South Hill Craftsman – the William and Ella Warner House – returns to vintage glory, earns spot on historic lists

The William and Ella Warner House on Spokane’s South Hill is now listed on the Spokane Register of Historic Places and the Washington Heritage Register and is nominated for the National Register of Historic Places.
The home at 2627 S. Manito Blvd. was built in 1916. William Prentice Warner worked as a railroad agent in 1935. His wife, Ella, died in 1956, and the home went to their son, James Warner, who rented it out. It is now owned by Paul and Suzanne Markham, who purchased it in 1987.
Though the Craftsman style home is now restored, it wasn’t much to look at when they bought it, Suzanne Markham said. The large overhanging eaves were cracked and broken from years of heavy snow and ice damage.
“It was just an absolute wreck,” she said. “This just was a big job. People were steering clear of it.”
Some of the walls had been damaged by the 10 cats who called it home. But the heavy beam ceilings remained, and the original woodwork was still intact and hadn’t been painted.
“The floors in the living room and dining area were just beautiful,” she said.
It was the home’s age that attracted them to it. “We’ve always, both of us, loved antiques and everything old,” she said. “It’s not a big, ostentatious, fancy house. It was a very middle-class house.”
That’s not to say the home was in good shape. “We pretty much tore into the interior to make it livable,” she said. “There were some things that needed immediate attention.”
The couple would spend their nights and weekends doing much of the remodeling work themselves over the next several years. The original kitchen cabinets had been torn out and replaced with plywood ones, likely in the 1960s, Suzanne Markham said, and those had to be removed. In an upstairs hallway, carpet had been glued directly onto the original wood flooring, requiring a long and tedious process to scrape off the glue.

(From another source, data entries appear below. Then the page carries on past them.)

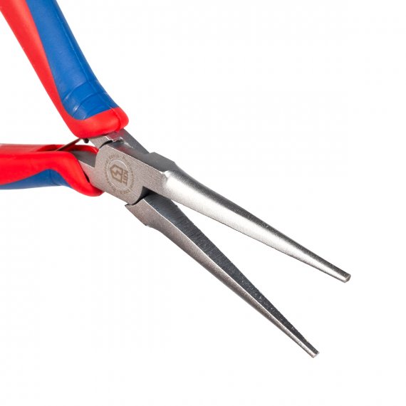 - Удлиненные губки без насечек обеспечивают легкость использования инструмента при работе с мелкими деталями.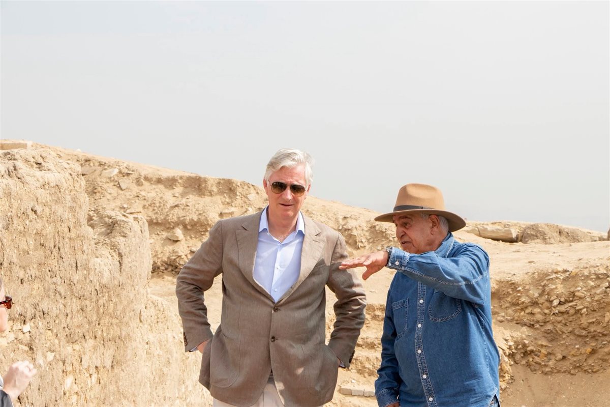 ورافَق الدكتور زاهي حواس الملك فيليب في جولة تفصيلية داخل موقع الحفائر، حيث قدم شرحًا وافيًا لأبرز الإكتشافات الهامة التي أنجزتها البعثة، وجاء ذلك بحضور السفير بارت دي غروف، سفير بلجيكا لدى مصر ووفد رفيع المستوي.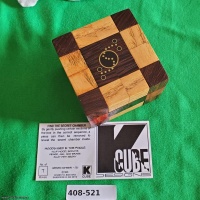 A one-of-a-kind art masterpiece and complex puzzle cube, this Kcube Designs puzzle makes a stunning display piece that will amaze and confound. Kim Klobucher makes a small assortment of puzzles in extremely limited runs, and each puzzle is uniquely crafted to maximize aesthetic appeal with beautifully finished hardwoods from around the globe. Kim has produced fewer than 150 total puzzles for sale over the past 10 years, but his attention to detail and hours of workshop time show. The puzzle designs are not trivial either; Kim's designs have appeared in the IPP International Design Competition no less than 5 times!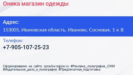Оника, магазин одежды по адресу 153005, Ивановская область, Иваново, Сосновая, 1 к В в дальнейшем Организация, размещена в следующих категориях: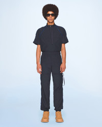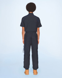 LE SPLASH Technical track-pants - Straight cut - Mid-rise - Elasticated waistband and hem - Interior drawstring - Side pockets - Horizontal seams with hidden zipped pockets - Contrast silicone piping This item is manufactured according to the Global Recycled Standard (GRS® ). These standards ensure the traceability of recycled products throughout the production process as well as the respect of environmental and social criteria. The model is 185 cm and wears a size 48 74% Polyamide/Nylon - 26% Cotton Made in Romania Ref.225PA015-1014-380
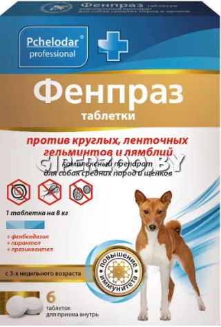 Фенпраз – универсальный антигельминтик против цестодозов и нематодозов собак. Фенпраз обладает широким спектром антигельминтного действия на все стадии развития круглых и ленточных червей. Входящее в состав пчелиное маточное молочко оказывает гепатопротекторное действие, улучшая работу печени, и тем самым защищает ее от влияния неблагоприятных факторов.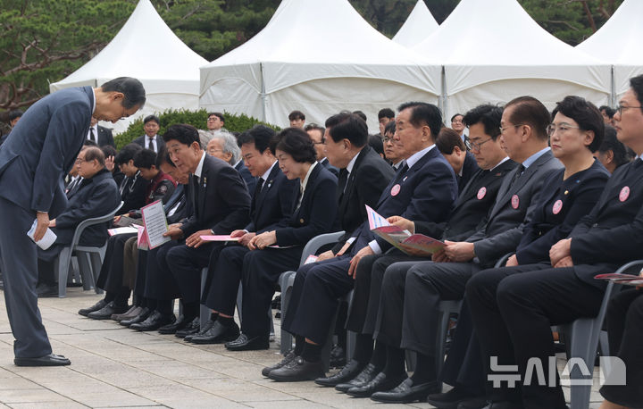 [서울=뉴시스] 조수정 기자 = 한덕수 대통령 권한대행 국무총리가 19일 서울 강북구 국립 4·19민주묘지에서 제65주년 4·19 혁명 기념사를 마친 뒤 인사하고 있다. (대통령실통신사진기자단) 2025.04.19. [email protected]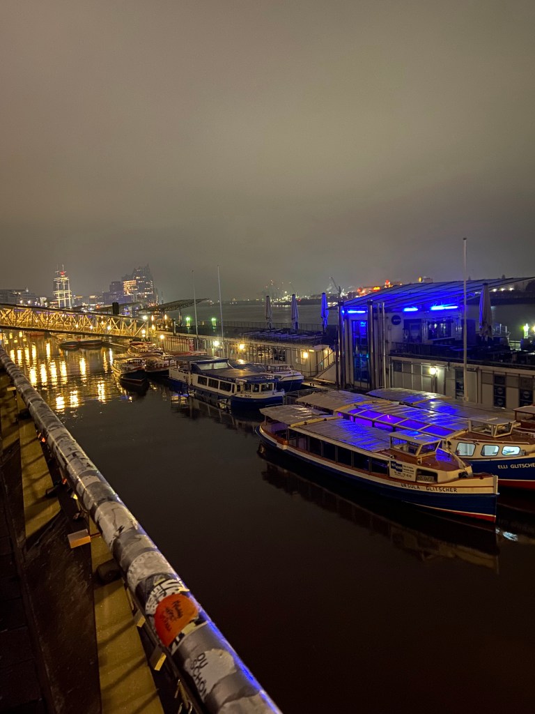 Oberhalb des Alten Elbtunnels bot sich ein spektakulärer Anblick: die nächtlich beleuchtete Skyline des Hafens mit der Elbphilharmonie, den Kränen und den Lichtern der Schiffe. Ein Moment, in dem Geschichte, Technik und Romantik aufeinandertreffen – und Hamburgs unverwechselbarer Charme spürbar wird.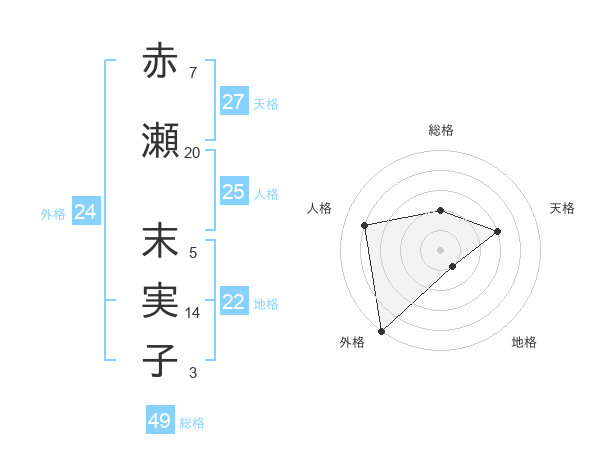 赤瀬 末実子さんを姓名の画数から五運を鑑定
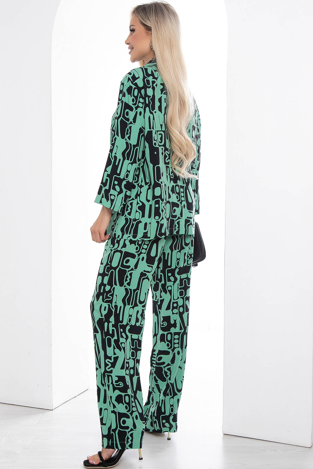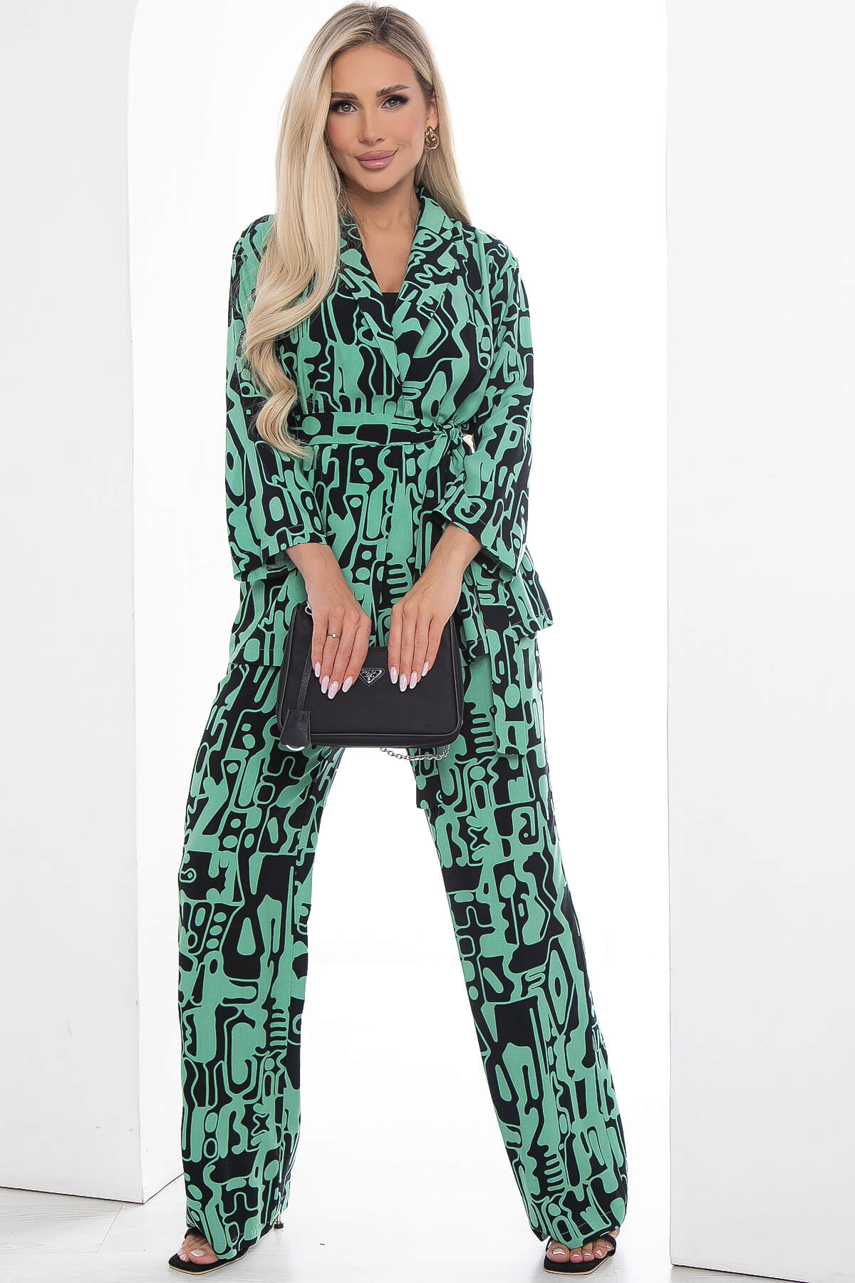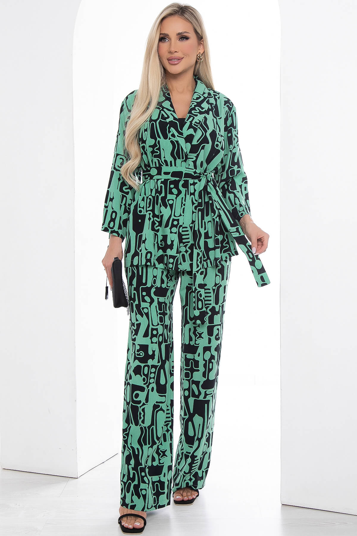 Костюм из лёгкой ткани идеально подойдёт для летнего расслабленного образа. Свободный крой не сковывает движений и дарит комфорт. Рукав три четверти, со спущенным плечевым швом. В комплект входит пояс из основной ткани, который позволит подчеркнуть преимущества фигуры.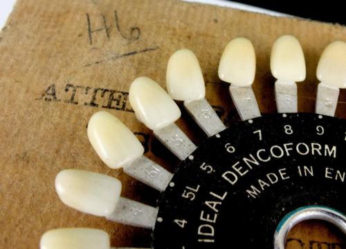 Title (ebay affiliate link): c.1930 Unusual Ideal Dencoform Teeth Shades Gauge by The Dental Mfg Co England

“We’re the ones with crowbars tearing out the roofing,” she said. “The slave labor is us. We’re the grunts. You name it, we did it. There’s pretty much not an inch we didn’t touch.”
Paul Markham recalls the time it took him to repoint the rock walls in the basement. He dug out the old mortar, which had largely turned to sand, and replaced it with concrete. He estimates it took a year to do each wall.

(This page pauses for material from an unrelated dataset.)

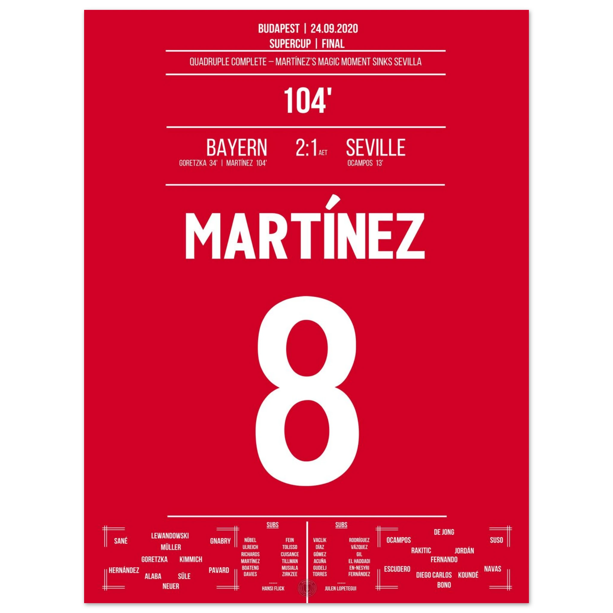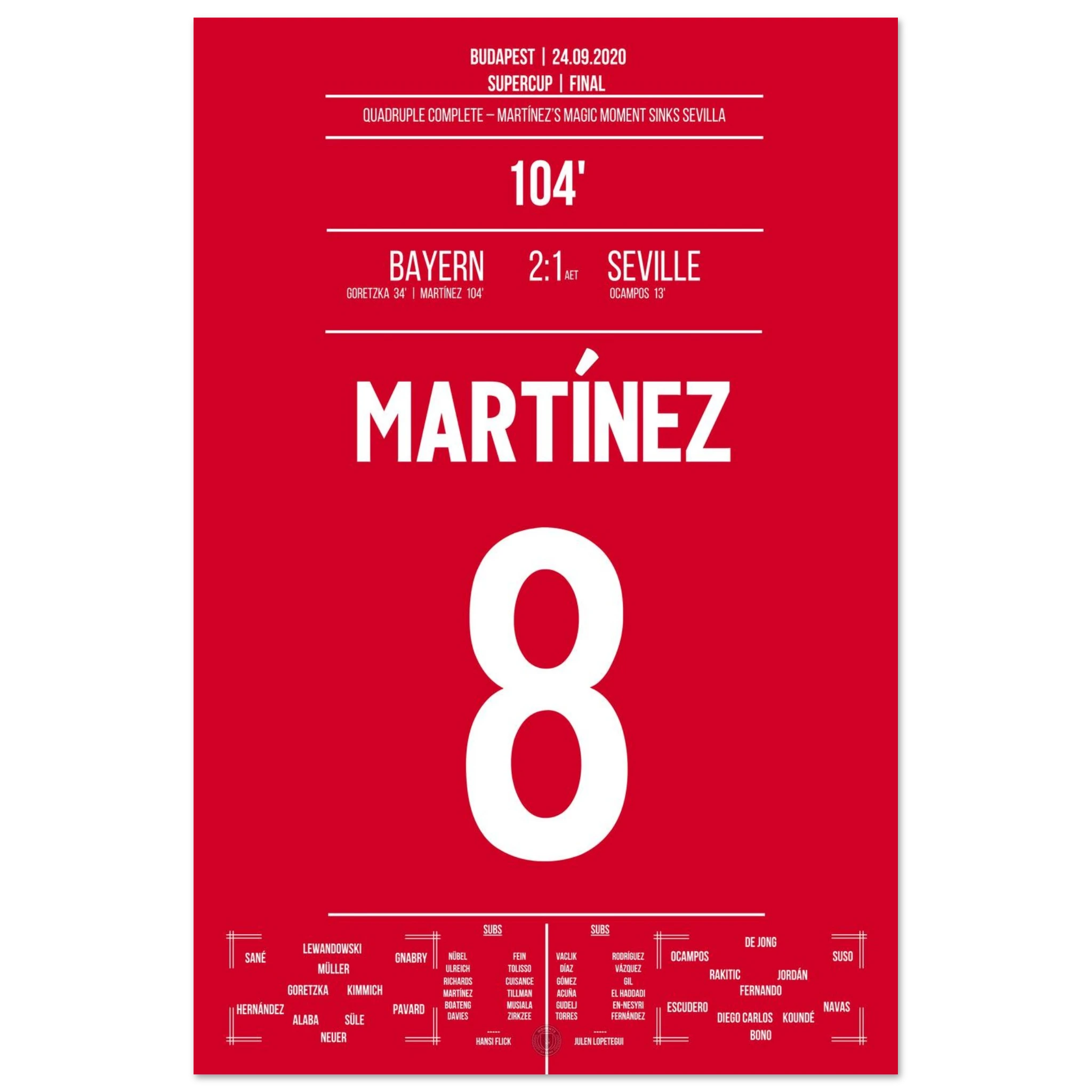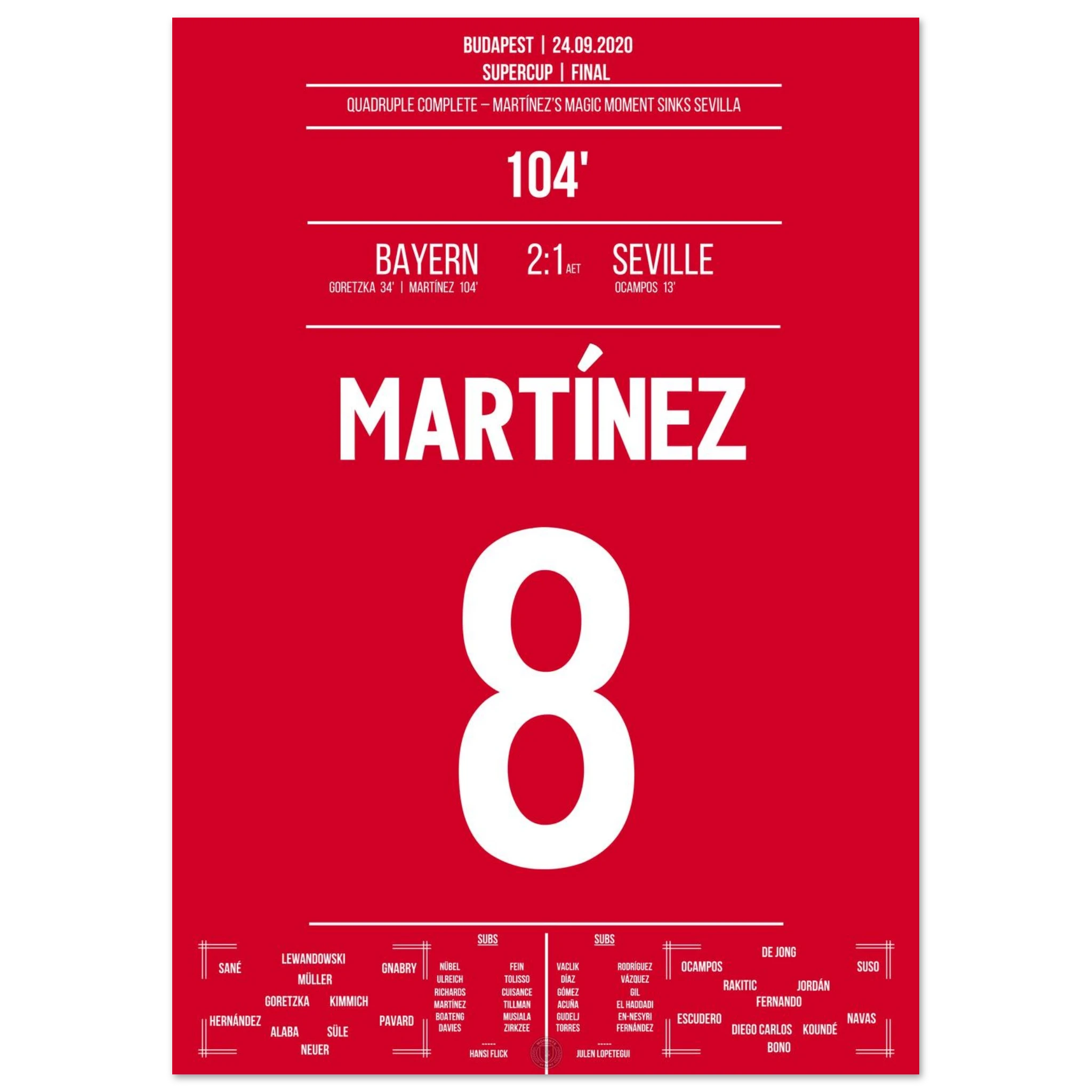 Im europäischen Supercup sorgt Javi Martínez in der 104. Minute für die Entscheidung: Nach einer Ecke steigt er am höchsten und nickt zum 2:1 ein. Mit seinem Treffer sichert er Bayern den vierten Titel des Jahres – das historische Quadruple ist perfekt.

“I got in there with a tool and scraped it,” he said. “I never thought it would ever end.”
Some things had to be replicated but the original icebox, which is now used as a storage cabinet, still sits in the kitchen. The breakfast nook that was in the kitchen had been ripped out and replaced with a washer and dryer, but the couple restored it.
“We replicated what it would have looked like,” Suzanne Markham said. “It’s very close to what was in the blueprints.”
The tiny bathroom off the kitchen has an old style pull chain toilet with the water tank up near the ceiling. While the style is old, it is a reproduction, she said.
All of their furniture also matches the style of the home. Suzanne Markham said she estimates some of it is nearly old enough to be original.
“We don’t have anything modern in the house except the microwave and the stove,” she said.
Linda Yeomans, who has been a historic preservation consultant for decades, helped put together a large binder full of the history of the home, complete with original blueprints and pictures of the Markhams remodeling their home.
“This house is one of the best representations of Craftsman architecture in Spokane,” she said. “This house is fabulous.”
The Markhams love to show off their home. They’ve hosted the Mother’s Day tour of historic homes put on by the Northwest Museum of Arts and Culture, which attracted 1,500 people to their home over two days. They’ve also hosted Allegro Baroque and Beyond musical performances.
“We have a lot of parties,” Suzanne Markham said. “We’re not afraid of crowds.”
Now that the restoration is complete, the couple are relaxing and enjoying their home.
“These years are nice,” Paul Markham said. “We’re enjoying them.”